[Data below — start]
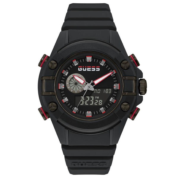 Guess Herrenuhr GUGW0211G3 – 43 mm – Schwarzes Silikonarmband
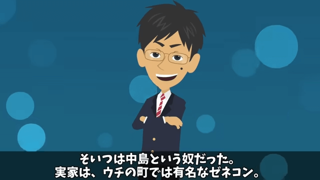 同窓会の案内状を受け取った主人公は、気に食わない同級生を思い出して絶望します。 その同級生の実家は有名なゼネコンで、同級生の父が社長だったため、同級生は後を継ぐ予定でした。
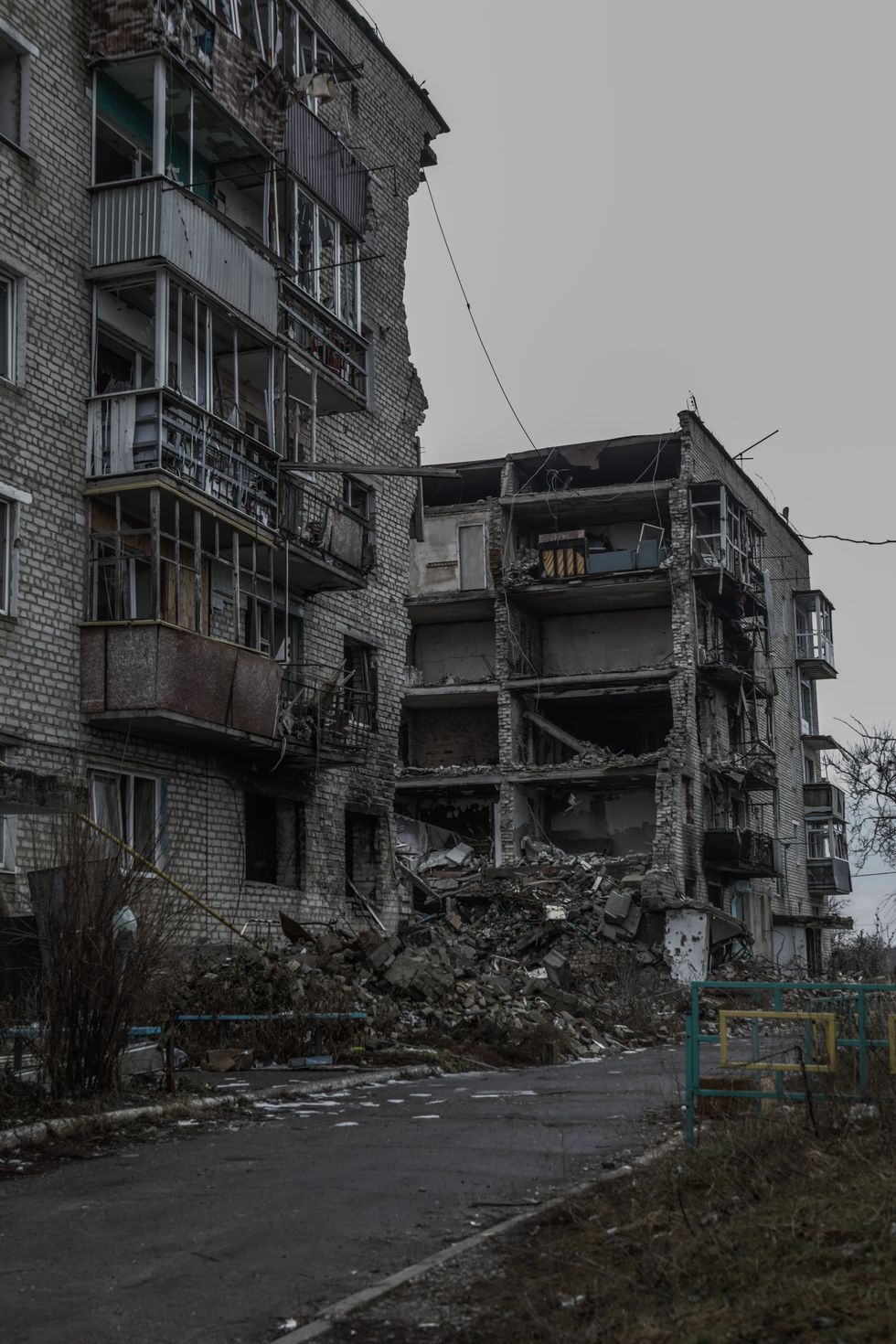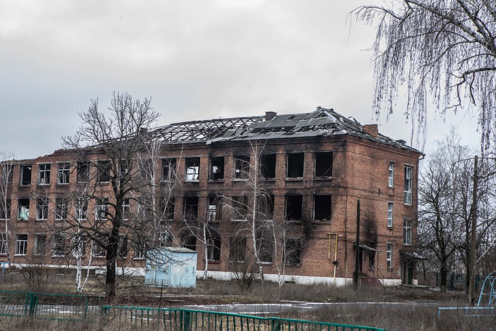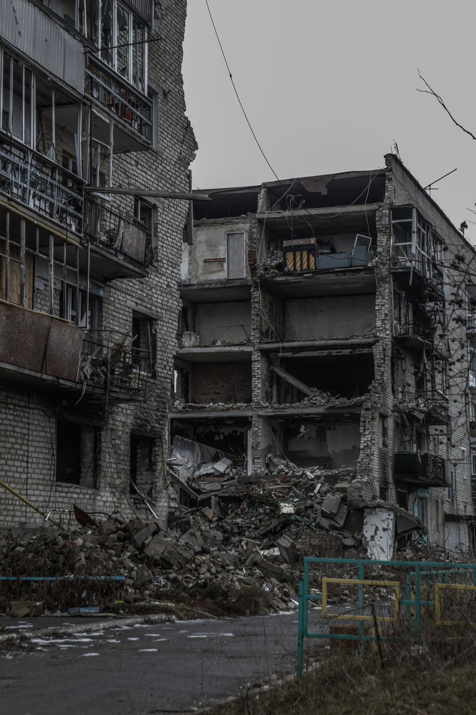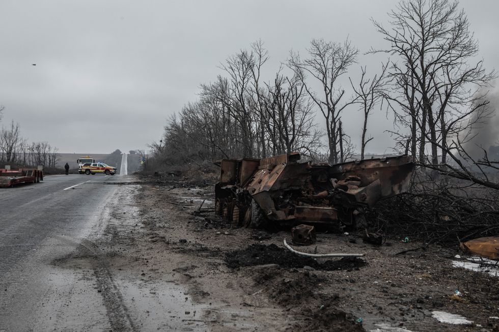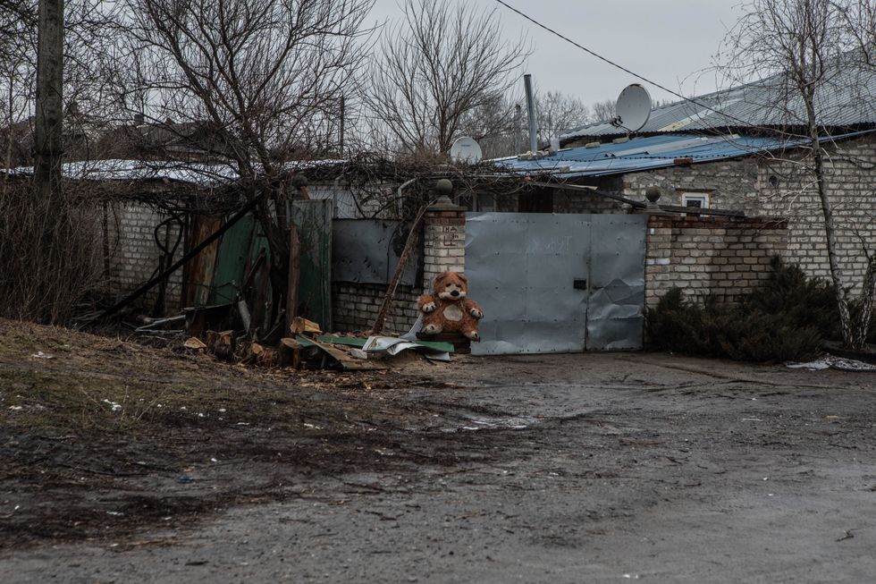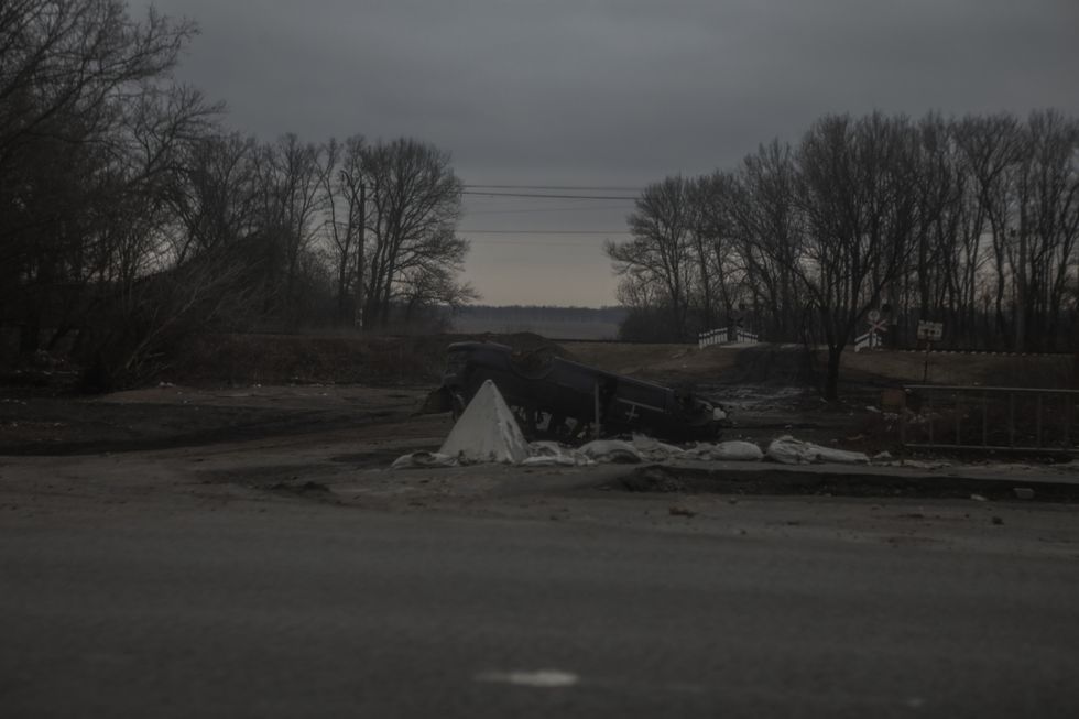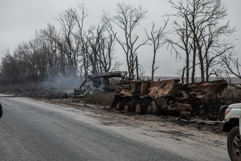 A circa due ore da Kramatorsk, passata la martoriata città di Izyum, inizia gradualmente a presentarsi lungo la strada uno scenario spettrale. La carreggiata attraversa le campagne scendendo e salendo da dolci colline, nei campi intorno si vedono i primi carri armati distrutti, sparsi nei campi come relitti sul fondo marino. Gli autogrill e i vecchi check point negli incroci principali mostrano i chiari segni di un durissimo scontro, più in là poi iniziano a esserci i primi villaggi, con i palazzi divisi in due dai missili, le lamiere dei tetti sparse a brandelli tutto intorno, come pezzi di stoffa atterrati dopo le esplosioni spargendosi dolcemente sul terreno. C’è ancora un odore acre eppure sono passati mesi da quando qui (e lo si può capire dalla posizione dei resti dei carri armati) c’è stata una battaglia in campo aperto, nella quale i carri si sparavano direttamente: da una parte della strada i carri russi, dall’altra i carri ucraini ormai tutti arrugginiti.
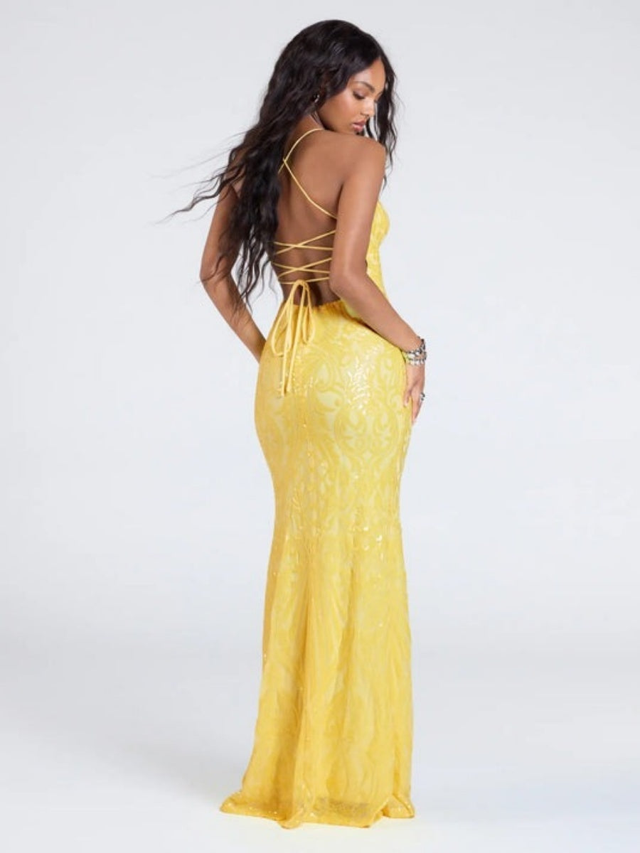 Robe longue de soirée bandage à sequins et décolleté en V
[Data below — finish]
=== Instructions to follow ===
Write out the full listing verbatim, excluding its pictures.

=== Answer box ===
 Guess Herrenuhr GUGW0211G3 – 43 mm – Schwarzes Silikonarmband
 同窓会の案内状を受け取った主人公は、気に食わない同級生を思い出して絶望します。 その同級生の実家は有名なゼネコンで、同級生の父が社長だったため、同級生は後を継ぐ予定でした。
 A circa due ore da Kramatorsk, passata la martoriata città di Izyum, inizia gradualmente a presentarsi lungo la strada uno scenario spettrale. La carreggiata attraversa le campagne scendendo e salendo da dolci colline, nei campi intorno si vedono i primi carri armati distrutti, sparsi nei campi come relitti sul fondo marino. Gli autogrill e i vecchi check point negli incroci principali mostrano i chiari segni di un durissimo scontro, più in là poi iniziano a esserci i primi villaggi, con i palazzi divisi in due dai missili, le lamiere dei tetti sparse a brandelli tutto intorno, come pezzi di stoffa atterrati dopo le esplosioni spargendosi dolcemente sul terreno. C’è ancora un odore acre eppure sono passati mesi da quando qui (e lo si può capire dalla posizione dei resti dei carri armati) c’è stata una battaglia in campo aperto, nella quale i carri si sparavano direttamente: da una parte della strada i carri russi, dall’altra i carri ucraini ormai tutti arrugginiti.
 Robe longue de soirée bandage à sequins et décolleté en V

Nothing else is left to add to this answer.